Harlow v. Clatterbuck

COMPTON, J.,

dissenting.

In a result-oriented decision, the majority proceeds to create a new species of immunity for Virginia. I cannot join that endeavor.

*497The trial court ruled, correctly in my opinion, that these State employees were entitled to sovereign immunity. Accordingly, the trial court required the plaintiff to establish that the defendants were grossly negligent in the discharge of their discretionary duties and that such negligence was a proximate cause of the plaintiffs injuries, sustained when her throat was slit by a juvenile delinquent who had been released from the State corrections system. The trial court’s ruling was in accord with the body of law on the subject developed over the years in this State. The jury found, in a verdict confirmed by the trial court, that defendants’ release of the juvenile delinquent was grossly negligent in view of the information concerning his history and propensity for violence and aggressive behavior.

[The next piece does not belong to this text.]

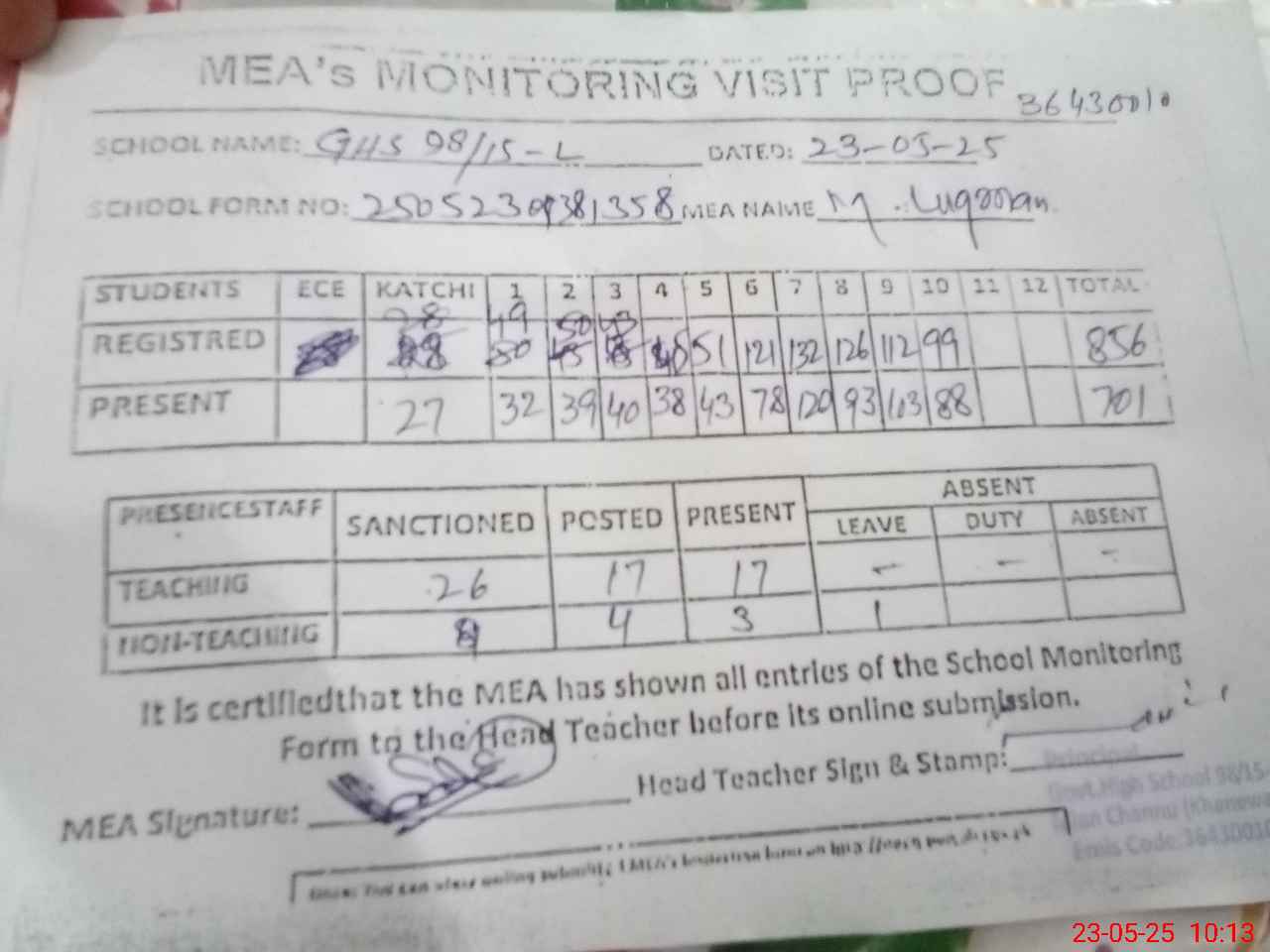 | Attendance Register | Head Teacher | MEA with School | Visit Proof |

Nevertheless, the majority now extends a type of judicial immunity to persons outside the class of judicial officers that are described in the Virginia cases cited in the majority opinion. Until today, this class included “the highest judge in the State” and extended “to the lowest officer who sits as a court and tries petty causes.” Johnston v. Moorman, 80 Va. 131, 139 (1885). Now, the Court adds to the class an aftercare supervisor, a rehabilitative counselor, and a learning center supervisor in order to insulate those persons from tort liability for grossly negligent conduct.

I believe the trial court accorded these defendants all the immunity to which they were entitled. Thus, I would affirm the judgment in favor of the plaintiff.